It should be noted that model based approaches require specialized speech corpora for different car environments. Several speech corpora have been collected for in-vehicle environments in the past. The speech corpora from Kawaguchi et al. (2000) focuses on spontaneous conversational Japanese where the speech data is collected under car idling and driving conditions. Another corpus, CU-MOVE (Hansen et al. 2000) focused on speech data collection under diverse acoustic conditions in the car environment, with noisy speech collected in 6 different vehicles. The core portion of this speech corpus includes over 500 speakers from six US cities, with five speech style scenarios including interactive route navigation dialogs. The next section describes data collection for the proposed vehicle based analysis/modeling solutions, as well as for the subsequent experimental evaluation.

2.2 Event detection

The focus of the current research is on environmental event detection including event classification and improved models for acoustic noise. Environmental noise information can be used to leverage speech systems. Examples include Kates (1995), where environment information is used to improve hearing aid performance, as well as Ma et al. (2003) who performed acoustic background noise classification for generic context aware applications. In the car environment specifically, El-Maleh et al. (1999) proposed frame level noise classification for mobile acoustic environment, and Akbacak and Hansen (2007) formulated a comprehensive framework which was applied to the car scenario entitled “environment sniffing”, for supervised and unsupervised speech systems.

3 Corpus development

For the purposes of vehicle verification, a corpus of various vehicle sounds is required across different models of vehicles. A new vehicle noise corpus was established which consists of a range of conditions as described below to create the UTD-CAR-NOISE corpus and employed for analysis in this study (Krishnamurthy et al. 2012). This corpus is the first of its kind, and offers unique in-vehicle research opportunities. The corpus consists of data from 20 vehicles under the following conditions,

  • NAWC: No Air-Conditioning with Windows Closed

  • ACWC: Air-Conditioner engaged with Windows closed

  • NAWO: No Air-Conditioning with Windows Open

  • HNK: Windows closed with Car Horn

  • TRN: Turn signal engaged

  • IDL: Engine idling

  • REV: Engine revving

  • LDR/RDR: Left/Right door opening and closing

The specific driving route was fixed for all recordings to minimize the number of independent variables such as external noise and road noise. The average speed of the vehicle during recordings was 40 miles/hr, and data was collected on a route of duration 4 miles consisting of concrete roads. The route was selected to consist of a combination of 6-lane city roads with higher traffic density, and 2-lane concrete community roads with lower traffic density. The vehicle noise data recording was timed so as to minimize external traffic noise due to peak hours. The data was recorded using a Shure MX 391S far-field microphone fixed on the driver side sun-visor. Figure 2 shows the configuration of the data collection equipment in the vehicle. All acoustic recorded data was partitioned into the 8 classes previously noted. The conditions with windows closed, and windows open with the A/C disengaged constituted the bulk of the recordings since these represent a majority of the most frequently observed environmental conditions in vehicles.

Fig. 2
figure 2

The far-field microphone (B) is at the driver sun visor and the close-talking microphone (A) was head-worn

4 Analysis

As discussed in Sect. 1, the vehicle noise environment is a function of noise sources active in the vehicle, as well as the acoustic environment of the vehicle itself. In other words, the resultant vehicle noise is a function of vehicle-independent noise types (n e ), including ambient road noise and street noise, and vehicle dependent noise (n ce ), examples of such noise types include air conditioning and car noise. In this study, a simple additive model for (\(\hat {n}_{ce}\)) is assumed as shown in Fig. 3. Depending on the relative dominance of the constituent noises, the overall resultant noise observed can be classified into one of the three primary types.

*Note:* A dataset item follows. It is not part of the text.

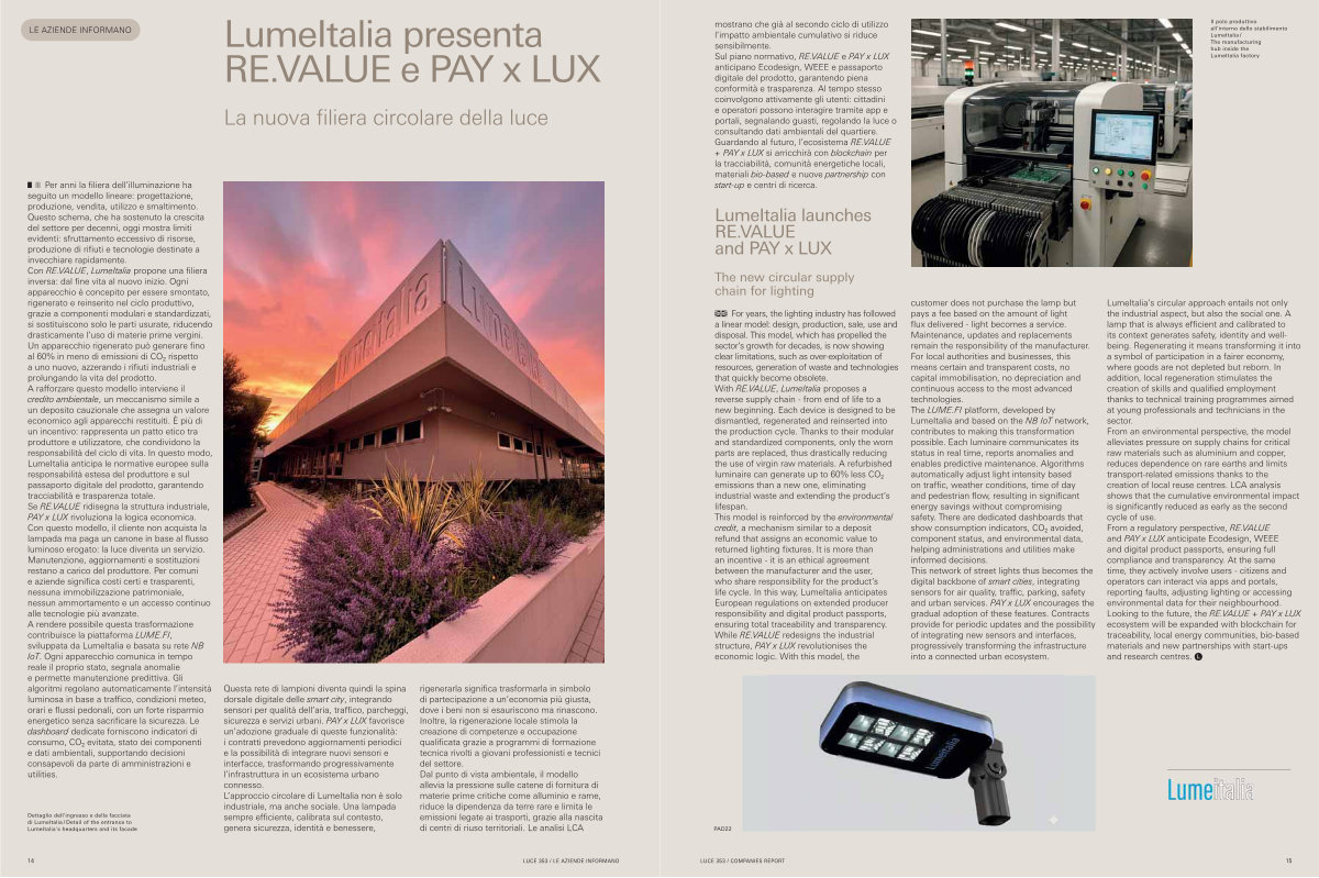 ����������������������������������������� seguito un modello lineare: progettazione, produzione, vendita, utilizzo e smaltimento. Questo schema, che ha sostenuto la crescita del settore per decenni, oggi mostra limiti evidenti: sfruttamento eccessivo di risorse, ���������������������������������������������� invecchiare rapidamente. Con RE. VALUE, LumeItalia�������������������� �������������������������������������������� apparecchio è concepito per essere smontato, rigenerato e reinserito nel ciclo produttivo, grazie a componenti modulari e standardizzati, si sostituiscono solo le parti usurate, riducendo drasticamente l’ uso di materie prime vergini. ������������������������������������������� �������������������������������������������� ���������������������������������������������� prolungando la vita del prodotto. ����������������������������������������� credito ambientale, un meccanismo simile a un deposito cauzionale che assegna un valore economico agli apparecchi restituiti. È più di un incentivo: rappresenta un patto etico tra produttore e utilizzatore, che condividono la responsabilità del ciclo di vita. In questo modo, LumeItalia anticipa le normative europee sulla responsabilità estesa del produttore e sul passaporto digitale del prodotto, garantendo tracciabilità e trasparenza totale. Se RE. VALUE ridisegna la struttura industriale, PAY x LUX rivoluziona la logica economica. Con questo modello, il cliente non acquista la ������������������������������������������� luminoso erogato: la luce diventa un servizio. ������������������������������������������� restano a carico del produttore. Per comuni ���������������������������������������������� nessuna immobilizzazione patrimoniale, nessun ammortamento e un accesso continuo alle tecnologie più avanzate. A rendere possibile questa trasformazione contribuisce la piattaforma LUME. FI, sviluppata da LumeItalia e basata su rete NB IoT. Ogni apparecchio comunica in tempo reale il proprio stato, segnala anomalie e permette manutenzione predittiva. Gli algoritmi regolano automaticamente l’ intensità ��������������������������������������������� ����������������������������������������������� ��������������������������������������������� dashboard dedicate forniscono indicatori di ������������������������������������������� e dati ambientali, supportando decisioni consapevoli da parte di amministrazioni e utilities.

  • Vehicle Internal Dominant: If vehicle dependent sounds such as air conditioning, horn, and engine sounds dominate, then the resulting noise (n e ) is unique to the specific vehicle producing the sound (i.e., if n e n ce then \(\hat{n}_{ce} = n_{ce}\)). For purposes of vehicle verification, this forms the most conducive scenario.

  • Vehicle Environment Dominant: If the observed sound is the sound of the vehicle interacting with its environment, such as the sound of wheels on the road or wind noise, then the resulting vehicle noise is less vehicle specific/dominant (i.e. n ce <n e ). This scenario is less favorable for vehicle verification than the previous case.

  • Environment Dominant: Finally, noise sources external to the vehicle such as a horn from a nearby vehicle or engine sounds from a passing truck are considered outside the scope of this study. This is because these sounds are the least vehicle specific (if n ce n e then \(\hat{n}_{ce} = n_{e}\)), and would cause increased confusability in acoustic vehicle platform identification. This condition is suggested for future studies.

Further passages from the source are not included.